▶ _Problem statement_:
Nothing outside the range is to be copied. From the entries below, reproduce exactly the lines starting at the one with "¼¾ÅÍÀå)´Â 20ÀÏ(Åä) 10½Ã" and ending at the one with "有料エリア内:①備前丸、②三国堀、③西の丸", without pictures.

▶ _Data_:
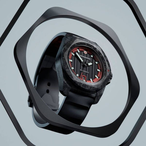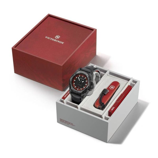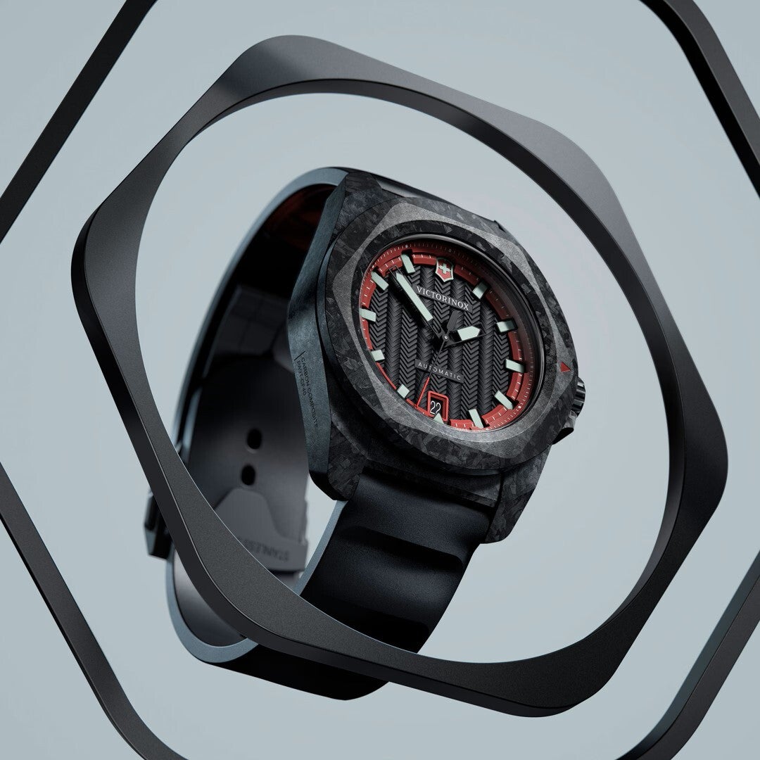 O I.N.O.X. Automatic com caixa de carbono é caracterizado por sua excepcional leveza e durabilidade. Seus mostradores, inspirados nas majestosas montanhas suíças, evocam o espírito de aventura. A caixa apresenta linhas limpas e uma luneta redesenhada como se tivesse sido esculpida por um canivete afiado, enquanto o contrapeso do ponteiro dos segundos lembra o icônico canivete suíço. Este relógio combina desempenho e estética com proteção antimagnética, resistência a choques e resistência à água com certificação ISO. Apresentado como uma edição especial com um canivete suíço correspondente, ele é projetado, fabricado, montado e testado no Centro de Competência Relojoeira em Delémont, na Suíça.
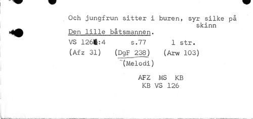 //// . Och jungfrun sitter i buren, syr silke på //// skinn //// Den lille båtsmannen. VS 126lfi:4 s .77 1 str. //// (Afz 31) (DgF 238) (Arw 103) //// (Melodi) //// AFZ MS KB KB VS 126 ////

* * *

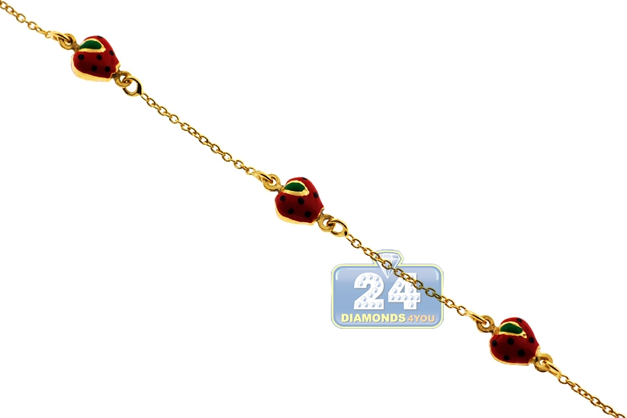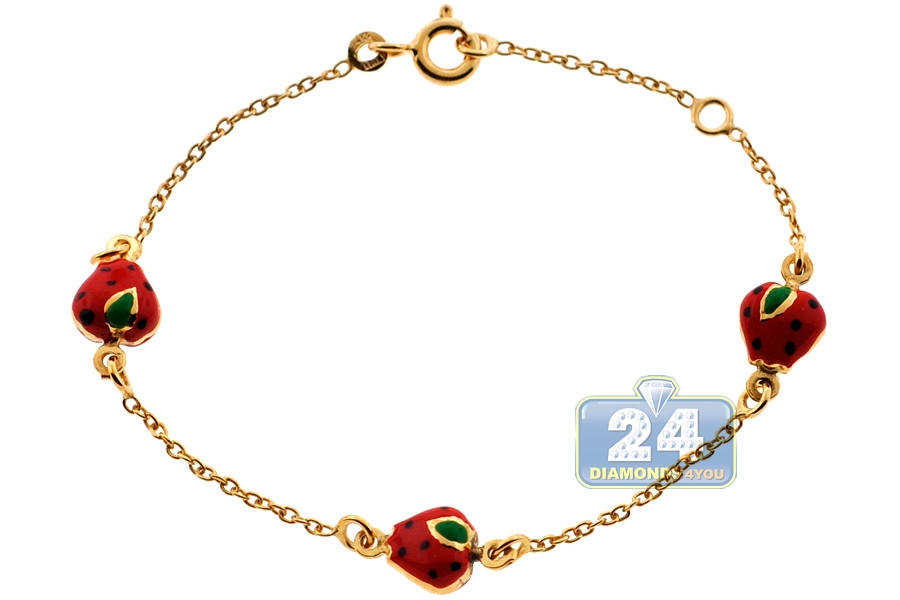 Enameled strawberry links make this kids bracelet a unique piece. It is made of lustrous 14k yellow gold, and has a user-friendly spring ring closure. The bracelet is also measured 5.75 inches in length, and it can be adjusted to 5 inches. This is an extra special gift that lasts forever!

* * *

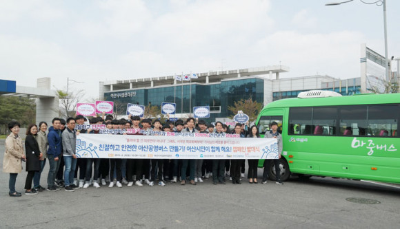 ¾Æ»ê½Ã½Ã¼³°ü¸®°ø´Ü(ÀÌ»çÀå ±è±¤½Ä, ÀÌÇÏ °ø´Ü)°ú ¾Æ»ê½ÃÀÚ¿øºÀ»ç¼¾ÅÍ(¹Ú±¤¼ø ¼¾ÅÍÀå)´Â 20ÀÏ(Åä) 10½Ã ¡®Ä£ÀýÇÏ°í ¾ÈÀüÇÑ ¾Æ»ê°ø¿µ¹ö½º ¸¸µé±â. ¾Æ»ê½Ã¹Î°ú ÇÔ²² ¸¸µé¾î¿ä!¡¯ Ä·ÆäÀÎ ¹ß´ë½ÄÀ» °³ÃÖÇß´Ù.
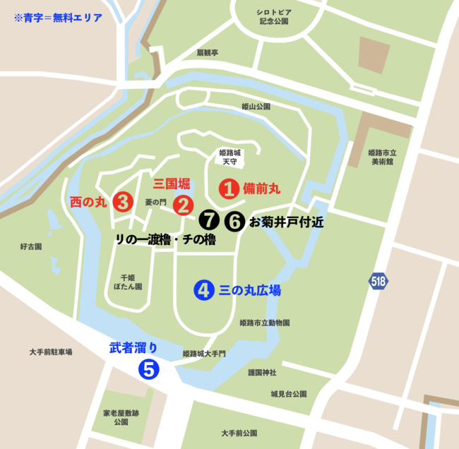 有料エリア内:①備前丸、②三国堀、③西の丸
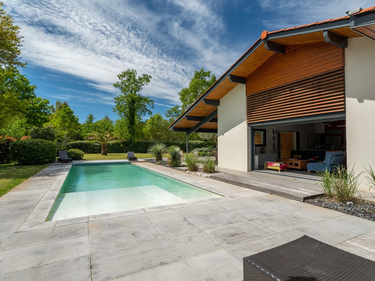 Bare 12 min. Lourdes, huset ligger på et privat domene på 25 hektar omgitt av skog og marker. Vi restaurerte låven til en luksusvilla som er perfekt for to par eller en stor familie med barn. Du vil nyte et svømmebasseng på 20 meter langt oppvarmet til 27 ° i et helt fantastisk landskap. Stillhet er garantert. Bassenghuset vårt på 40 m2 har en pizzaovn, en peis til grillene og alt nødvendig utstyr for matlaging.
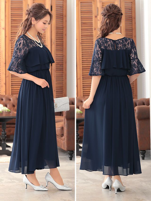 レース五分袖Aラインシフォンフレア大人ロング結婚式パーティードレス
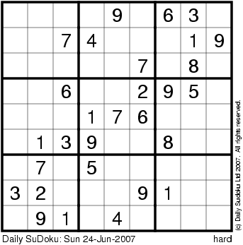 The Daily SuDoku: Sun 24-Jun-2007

▶ _Output below_:
 ¾Æ»ê½Ã½Ã¼³°ü¸®°ø´Ü(ÀÌ»çÀå ±è±¤½Ä, ÀÌÇÏ °ø´Ü)°ú ¾Æ»ê½ÃÀÚ¿øºÀ»ç¼¾ÅÍ(¹Ú±¤¼ø ¼¾ÅÍÀå)´Â 20ÀÏ(Åä) 10½Ã ¡®Ä£ÀýÇÏ°í ¾ÈÀüÇÑ ¾Æ»ê°ø¿µ¹ö½º ¸¸µé±â. ¾Æ»ê½Ã¹Î°ú ÇÔ²² ¸¸µé¾î¿ä!¡¯ Ä·ÆäÀÎ ¹ß´ë½ÄÀ» °³ÃÖÇß´Ù.
 有料エリア内:①備前丸、②三国堀、③西の丸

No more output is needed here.